This is a huge commit that refactors the data generator. It removes many of the previous features that didn't quite make sense. The goal of this refactor was to make the data generator capable of representing complex tagsets that have values dependent on each other. It also significantly optimizes things to use far less memory and generate data much faster. Follow on work will update the generation of line protocol to support spaces in tags and their keys, double quotes in strings, and add more examples and documentation.
This adds the ability to specify a tag_set and a collection of tag_pairs to measurements in the data generator. Tag pairs are evaluated once when the generator is created. This avoids re-running handlebars evaluations while generating data for tags that don't change value.
This commit also fixes an issue when printing the generation output to stdout while generating from more than one agent. Previously it would be garbled together.
Follow on PRs will update the tag generation code in measurement specs to be more consistent and optimzised for performance. I'll be removing the restriction of using different options while using tag_set and tag_pairs. I wanted to get this in first to show the structure of what is output.

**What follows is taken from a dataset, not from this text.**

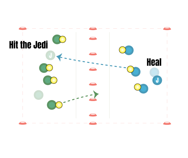 Players can protect their team Jedi, and stop the opposing players from hitting them with a ball.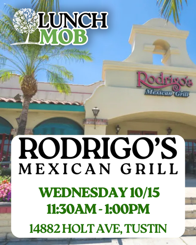 Join us for the Tustin Chamber of Commerce Lunch Mob on Wednesday, October 15th at Rodrigo’s from 11:30 AM to 1:00 PM!

This adds the ability to pre-generate values and tag sets in the data generator. This makes it easy to have tags that depend on other tag values (like buckets in an org) and have tag values that have one associated tag (like if something is in production or staging environment). Follow on work will add the actual generation to the agent spec. An added bonus of these pre-generated values is that generating samples won't require any sort of template evaluation for all of the tags in the tag sets. Only unique values (like trace_id or span_id) would need to be generated during sampling generation.